[Collected data]
* * * *

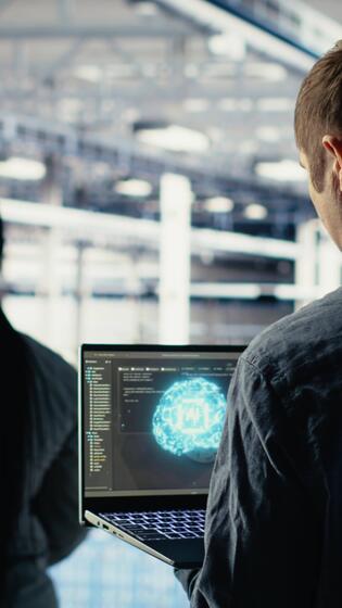 Vertical Data center system administrators investigate neural networks configuration, adjusting for optimal function. Server hub employees use laptop to check deep learning error reports, camera B Pro Video
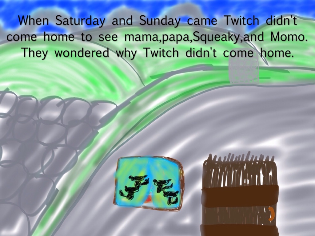 When Saturday and Sunday came Twitch didn't come home to see mama,papa,Squeaky,and Momo. They wondered why Twitch didn't come home.
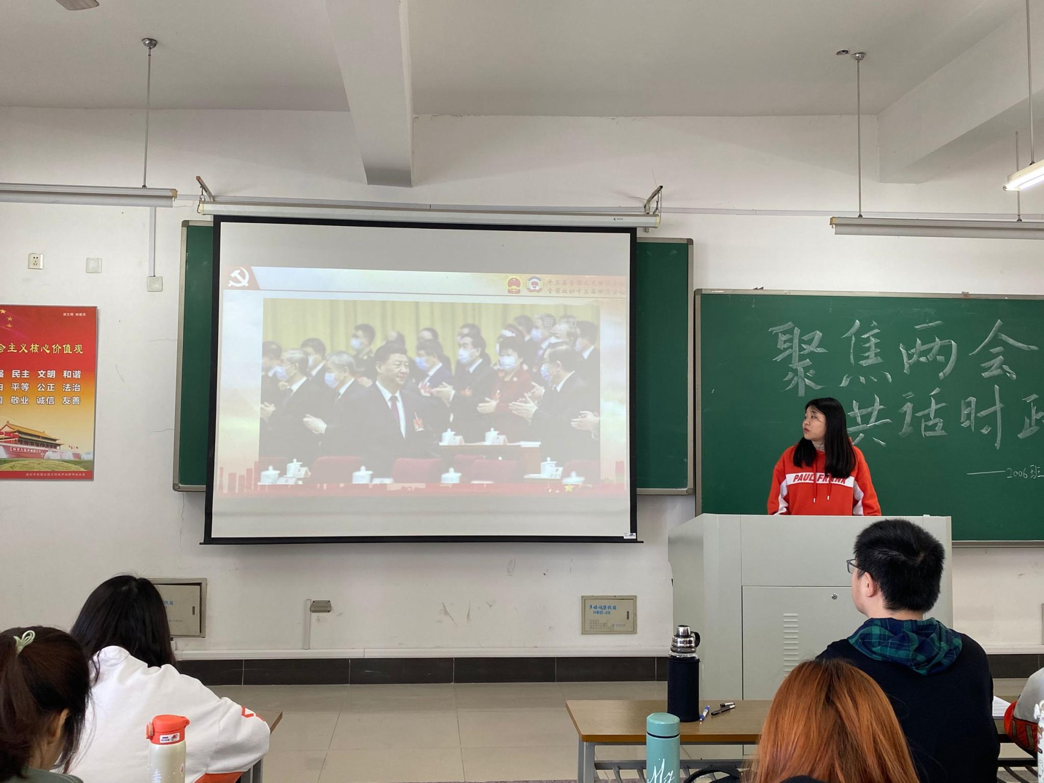 本次活动结合同学们生活实际,深入学习两会精神,引领同学们不断提高思想觉悟,把思想和行动统一到开展各项工作中,加强自身建设,敢于担当,主动负责,善于协调,切实增强预判风险意识,主动适应新时代新要求,以更加奋进的姿态和更加饱满的工作热情做好本职工作,为国家高质量发展贡献更多力量!
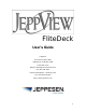 FliteDeck User's Guide Jeppesen 55 Inverness Drive East Englewood, CO 80112-5498 1-800-621-5377 Western Hemisphere 303-328-4274 Fax 303-328-4153 Eastern Hemisphere +49 6102 5070 Fax +49 6102 507999 http://www.jeppesen.
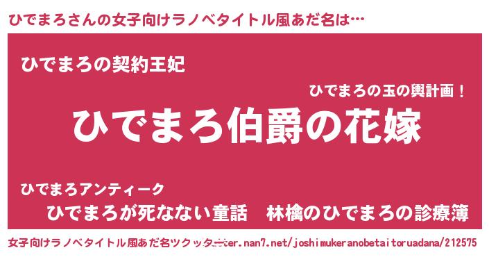 | 男性向けラノベタイトル風あだ名 | 『うちの娘の為ならば、俺はもしかしたらひでまろも倒せるかもしれない。』 |

* * * *

[TASK GOAL]
All lines above between the line that contains "FliteDeck User's Guide" and the last line of the entries, both included, must be transcribed exactly. No pictures are to appear.

[ANSWER SPACE]
 FliteDeck User's Guide Jeppesen 55 Inverness Drive East Englewood, CO 80112-5498 1-800-621-5377 Western Hemisphere 303-328-4274 Fax 303-328-4153 Eastern Hemisphere +49 6102 5070 Fax +49 6102 507999 http://www.jeppesen.
 | 男性向けラノベタイトル風あだ名 | 『うちの娘の為ならば、俺はもしかしたらひでまろも倒せるかもしれない。』 |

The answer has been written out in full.